ДЕФИЦИТ БЛАГОДАТИ КОМПЕНСИРОВАЛА СТОЙКОСТЬ

Роман Шабанов

Сегодня дождь. Мелкий, редкий неравномерный. Арка театра встречает красной бегущей лентой с рекламой, которую непросто разобрать в отблеске мощенного булыжником дворика с припаркованными велосипедами.

  Первое открытие – спектакль на английском языке. «Если что-то пойдет не так, просто поднимите руку» – говорили парни у двух гигантских чемоданов с отделениями для наушников. А что может что-то пойти не так? Наушники откажут… ах, наушники. Ничего, со второго класса на английском «шпрехаю», могу и без, однако не отказываюсь.
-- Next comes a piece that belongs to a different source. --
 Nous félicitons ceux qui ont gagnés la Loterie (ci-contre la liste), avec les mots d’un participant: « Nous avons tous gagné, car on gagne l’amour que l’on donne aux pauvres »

Вдруг в «Практике» практикуется особый английский, который будет трудно осилить человеку с советским образованием.

  Раиса Фролова, представитель пресс-службы театра, в минуту передала три состояния за три просмотра «Благодати…» – рыдание (Мне ее жалко), смена позиции (Мне жалко его) и холод (Жалость – какое неправильное чувство). Добавив, что маэстро выбрал нужный материал и как важно не уйти после первого действия.
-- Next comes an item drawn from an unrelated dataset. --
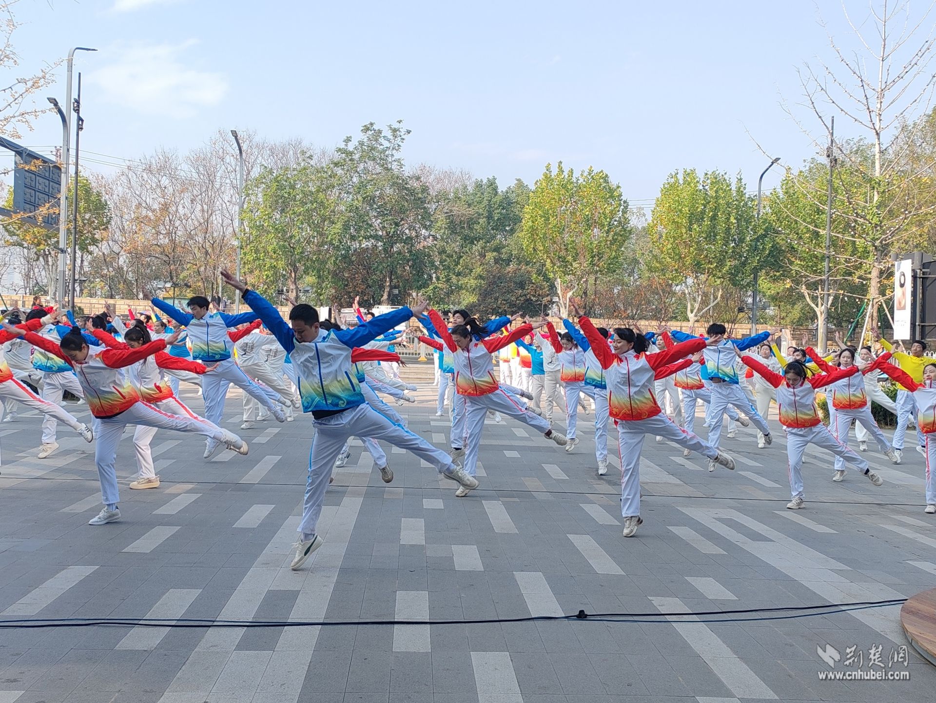 伴隨著氣勢(shì)恢宏的《領(lǐng)航》旋律響起,由武昌黃鶴之星文化驛站成員、轄區(qū)文藝團(tuán)隊(duì)及武漢音樂(lè)學(xué)院學(xué)生組成的140人表演隊(duì)伍翩然起舞。舞者們身著亮麗服裝,步伐整齊有力,動(dòng)作舒展昂揚(yáng),如一面面流動(dòng)的旗幟,在冬日的陽(yáng)光下?lián)]灑著自信與熱情。在武漢歌舞劇院許峰老師的現(xiàn)場(chǎng)帶領(lǐng)下,整場(chǎng)表演張弛有度、情感充沛,生動(dòng)詮釋了新時(shí)代的朝氣與力量,贏得了在場(chǎng)觀眾陣陣掌聲與喝彩。

  Книгу с одноименным названием я не читал и, наверное, бы не успел это сделать, но довольствуясь принципом «понравится – прочту», сел на пятый ряд перед лысым человеком, говорящим на английском как на родном. И не просто. Кен Уилбер, точнее история его жены, рассказанная им, собрала в зале на сто мест представителей разных широт.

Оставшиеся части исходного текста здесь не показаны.